The results of the primary analysis for both change from baseline in HbA1c and body weight were supported by the results of the sensitivity analyses, which accounted for different sets of populations, estimands and analytical approaches to minimize bias. The overall safety profile of tirzepatide and semaglutide appeared to be consistent, with gastrointestinal adverse events as the commonly reported events; however, adjusted quantitative comparisons were not feasible.
One of the strengths of this analysis is the comparison method, which relies on the similarities of the study design and population from SURPASS‐2 and SUSTAIN FORTE, such as the background oral antihyperglycaemic medication and time of primary endpoint at week 40. The availability of efficacy data in the SUSTAIN FORTE metformin‐only population allowed for an indirect comparison in the primary analysis in patients receiving the same background antihyperglycaemic medication in both trials. Potential treatment effect modifiers were also accounted for in the primary analysis by restricting the SURPASS‐2 population to patients complying with the HbA1c inclusion criterion of SUSTAIN FORTE (referred to as the SURPASS‐2 refined population). The similarity in baseline characteristics (age, HbA1c and body mass index) between the SURPASS‐2 refined population and SUSTAIN FORTE full population in the semaglutide 1‐mg arms, as well as in HbA1c change from baseline in the SURPASS‐2 refined population versus the SUSTAIN FORTE metformin‐only population for the semaglutide 1‐mg arms (−2.2% vs. −2.1%), support the appropriateness of the Bucher approach. Overall, it was justified to assume that relative differences between treatments for HbA1c and body weight would be similar in the SUSTAIN FORTE metformin‐only population and the SURPASS‐2 refined population. Furthermore, the sample size of the SURPASS‐2 refined population and SUSTAIN FORTE metformin‐only population, which were compared in the primary analysis, were similar. The sensitivity analyses conducted on the full population supported the results of the primary analysis. In addition, the baseline HbA1c and body weight characteristics were adjusted for in the full population of both trials in sensitivity analysis 4, supporting the findings of the primary analysis. Another sensitivity analysis was conducted to assess the results accounting for the impact of potential effects of treatment discontinuation or the use of rescue therapy, which also provided consistent results with the primary analysis.

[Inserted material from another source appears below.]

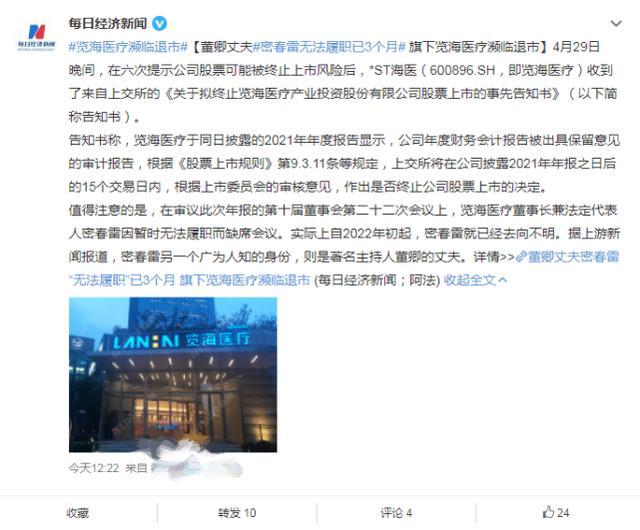 媒体报道称,4月29日前,董卿老公密春雷旗下的一家上市公司已经收到了6次提示公司股票可能被终止的上市风险,于是收到了上交所关于终止该公司股票上市的事先告知书。

The first limitation of this analysis is that only two studies were available for the aITC. Second, no baseline characteristics were available in the SUSTAIN FORTE metformin‐only population. Therefore, baseline characteristics were compared between patients on metformin in SURPASS‐2 and patients on metformin with or without a sulphonylurea in SUSTAIN FORTE. This also had an impact on sensitivity analysis 4, which adjusted for baseline HbA1c and body weight in patients on metformin in SURPASS‐2 and patients on metformin with or without a sulphonylurea in SUSTAIN FORTE. Third, in an attempt to compare patients receiving the same background antihyperglycaemic medication in both trials, only endpoints with data available in the SUSTAIN FORTE metformin‐only population (change from baseline in HbA1c and body weight) were included in the aITC. Other glycaemic efficacy endpoints (e.g. the percentage of patients reaching an HbA1c target of <7%) were not included in the analysis as these were only reported for the full population of SUSTAIN FORTE (patients on metformin with or without a sulphonylurea) and not the SUSTAIN FORTE metformin‐only population. For the same reason as above, no quantitative comparison for safety outcomes was performed. In both treatments, the incidence of gastrointestinal adverse events was higher during the dose‐escalation period and decreased over time. 2 , 10 Fourth, it was not possible to compare the results of the treatment‐regimen estimand in the SURPASS‐2 refined population and SUSTAIN FORTE metformin‐only population because these results were not published in SUSTAIN FORTE. However, the sensitivity analysis conducted with the results of the treatment‐regimen estimand in the full population of both trials supported the results of the primary analysis. Finally, adjusted indirect comparisons may not account for residual confounding because of unobserved differences between trials and, therefore, these findings cannot replace a direct head‐to‐head trial, and conducting a trial to compare tirzepatide and semaglutide 2 mg would validate these findings.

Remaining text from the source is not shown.